# Nak PA-350 Repair



## ryanr7386 (Feb 21, 2011)

Anyone repair Nak Amps in here? I have a Nak PA-350 that i think has a bad power supply perhaps. No output other than some "pips" sounds in the output. Maybe bad caps as well.

I would attempt but time is getting limited do to new employment and working out of town.

Hit me up if you can assist. Or can lend a thought as to what it might be.

Rick


----------



## daveds50 (Jun 10, 2011)

ryanr7386 said:


> Anyone repair Nak Amps in here? I have a Nak PA-350 that i think has a bad power supply perhaps. No output other than some "pips" sounds in the output.

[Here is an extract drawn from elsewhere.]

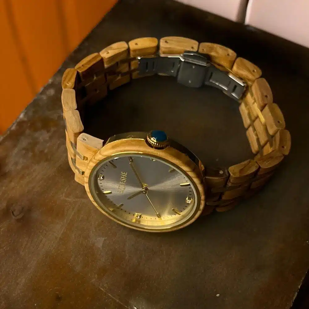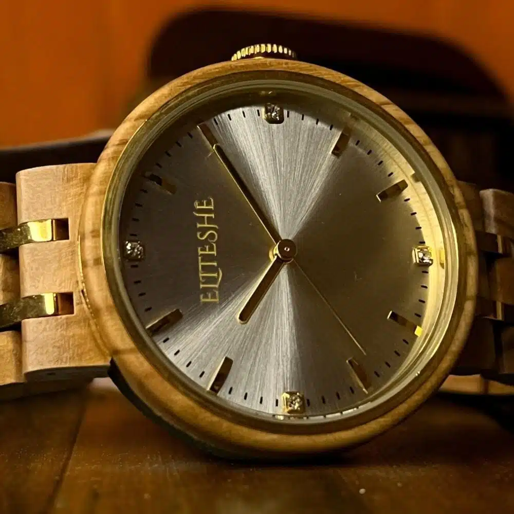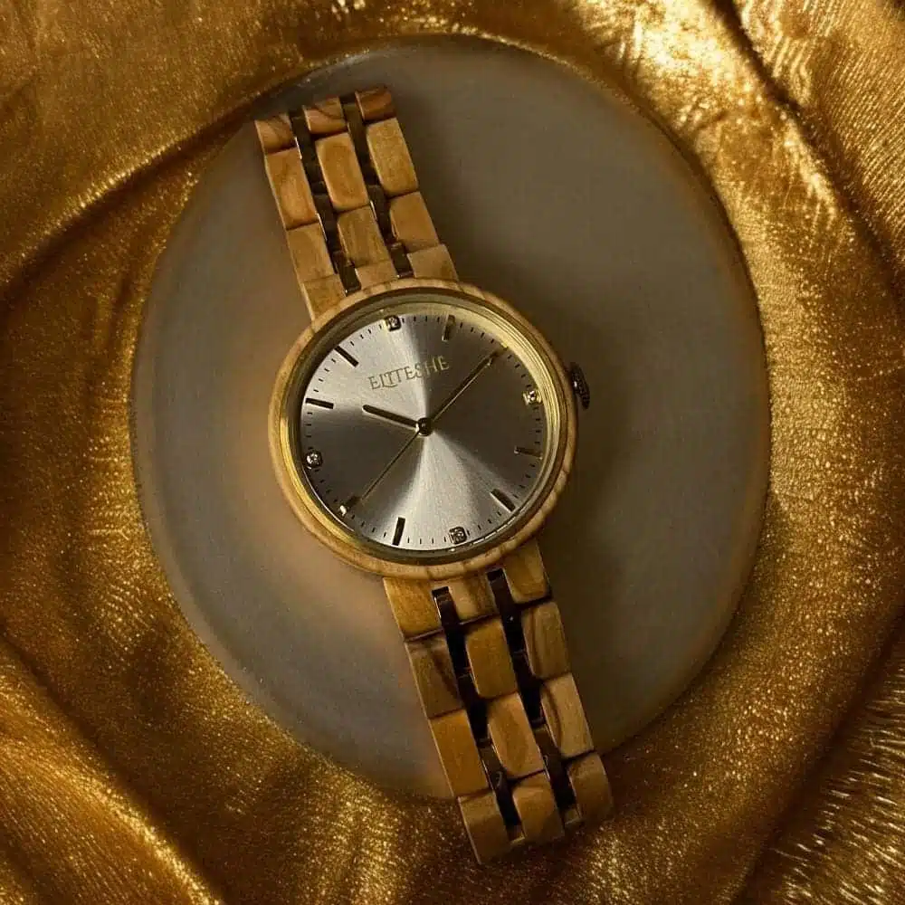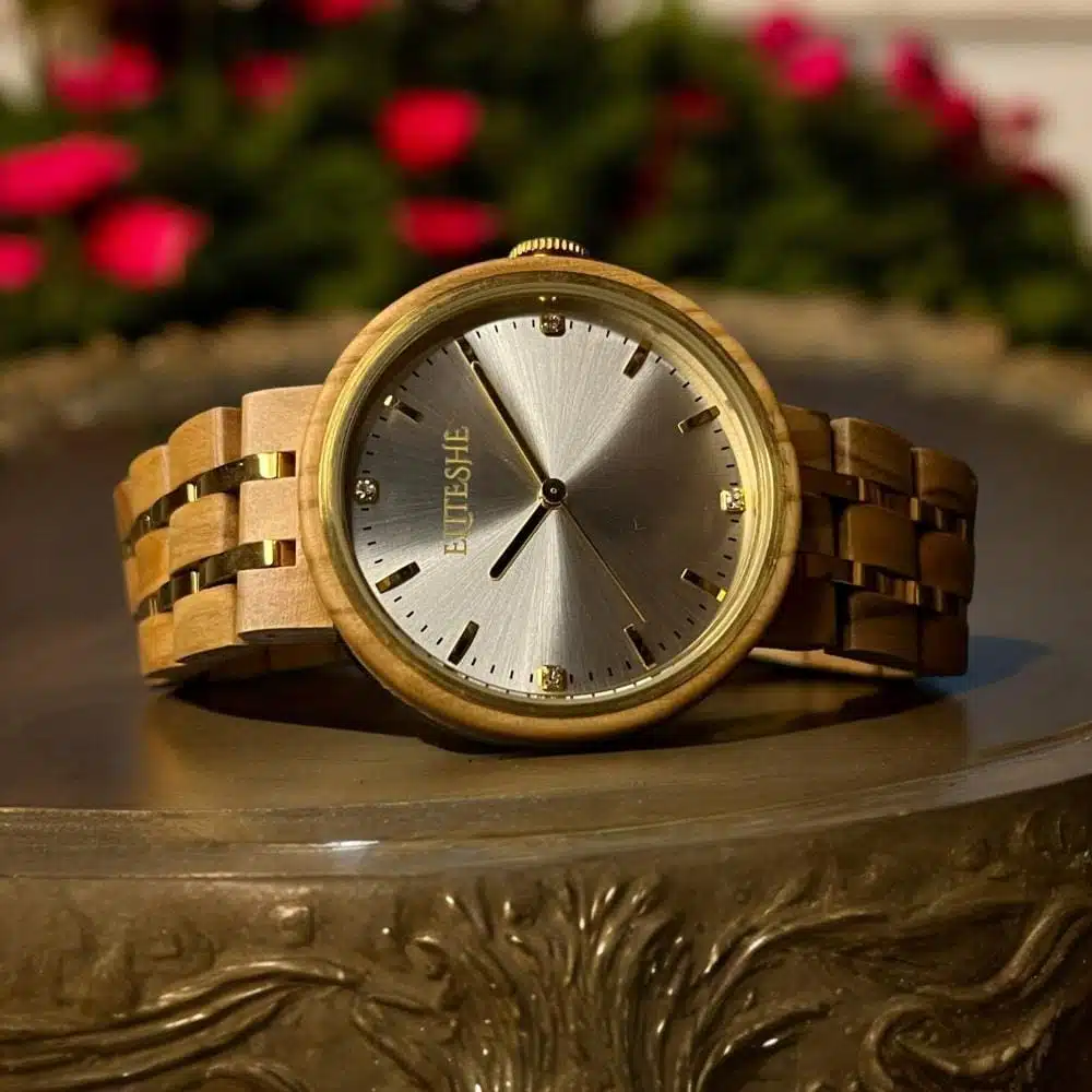 تتميز ساعة “كلاسيك نارسيسيز” النسائية بأنها تجمع بين التصميم والخامة الخشبية الكلاسيكية المصنوعة من خشب الأبانوس وبميناء مرصع بأحجار الزيركون وبعقاربها الذهبية ، وتأتي بحزام مصنوع من الخشب المستدام ومدعم بفواصل فولاذية مطلية باللون الذهبي لتضفي للساعة جمال واناقة

Maybe bad caps as well.
> 
> I would attempt but time is getting limited do to new employment and working out of town.
> 
> ...


 amp that old will likely require a complete rebuild. no doubt after all these years, it will require new caps. but it could have more problems than that.


----------



## ryanr7386 (Feb 21, 2011)

daveds50 said:


> amp that old will likely require a complete rebuild. no doubt after all these years, it will require new caps. but it could have more problems than that.


Ya, won't know till its opened up and inspected. Looking for a repair shop/person that's capable.


----------



## daveds50 (Jun 10, 2011)

ryanr7386 said:


> Ya, won't know till its opened up and inspected. Looking for a repair shop/person that's capable.


 well, i could do it... but you have to ask yourself if it is worth doing. likely it will take more than it is worth. a complete fix, rebuild, and go through will probably be somewhere in the $60-$80 range plus shipping both ways. i had one of those when they were new, and would say that it is not worth that much... at least i personally would not pay anywhere near that. 

best to find a working one for less if you can and use it while it lasts.


----------



## ryanr7386 (Feb 21, 2011)

I'll PM u Sunday and we can discuss.


----------